Getting Out Over Our Skis

It’s true: Cloud data warehouses offer much greater flexibility, because they scale compute and storage to match demand. They are also extremely easy to adopt. In many instances, you can just slide a credit card to get started and provision a data warehouse with a few simple clicks of a mouse. However, it’s this seductive simplicity that encourages us to cut corners, leading us to build and fill multiple data warehouses without a thought.

The more warehouses we build, the more tables, fields and data we need to manage. As our warehouses grow, our focus shifts to wrangling the SQL that manages the data. As a result, what began as a few simple scripts balloons to a mass of spaghetti code. The quick and nimble cloud data warehouse is now difficult to change, and we’ve come full circle.

A Framework For Agility

This is where a data warehouse design methodology can help. The three most common design methodologies in use today are as follows:

1. Inmon – Corporate Information Factory

  • Bill Inmon’s top-down approach models the data warehouse in a hub and spoke pattern, where entities and relationships are in third normal form (3NF). Data marts are created as needed for reporting and analytics.

2. Kimball – Dimensional Modelling

  • Ralph Kimball’s bottom-up approach starts with the metrics and measurements for reporting and creates marts as star schemas. Dimensional modelling optimizes the data warehouse for fast retrieval of data.

3. Linstedt – Data Vault

  • Dan Linstedt’s Data Vault architecture is a hybrid approach that combines the best of 3NF and dimension modeling. This technique enables historical storage of data, integration of data from different operational systems, and lineage tracing of incoming data. The Data Vault approach is based on the concept of Hubs, Links and Satellites.

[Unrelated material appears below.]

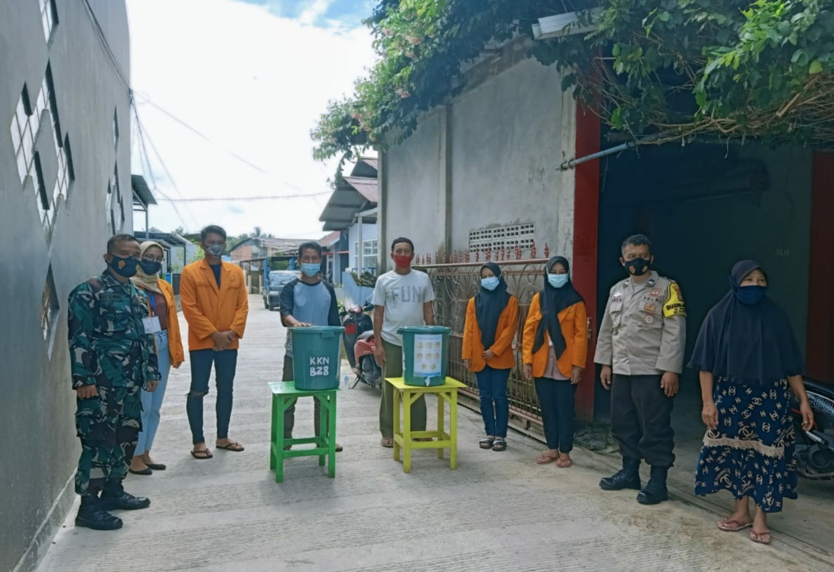 "Fokus kita sih pencegahan. Selain kami bagi-bagi masker, vitamin dan penyemprotan disinfektan. Bersama teman-teman, pakai uang iuran juga membuat tempat pencuci tangan dan kami bagikan ke beberapa RT " kata Ketua KKN B28 Uniba, Chairunisa Khusnul Khotimah.

Although a detailed description of each methodology goes beyond the scope of this blog post, it’s important to recognize the benefits of employing any of the methods with a cloud data warehouse. The chief benefit of using a warehouse design methodology is that it can be automated with tooling. Most automation solutions actually generate the SQL code required to implement the methodology and provide a framework for the entire data warehouse lifecycle. Ultimately, this can save you hours of SQL coding and reduce code management pain, which means you can spend more time on designing and delivering the data for your analytics projects.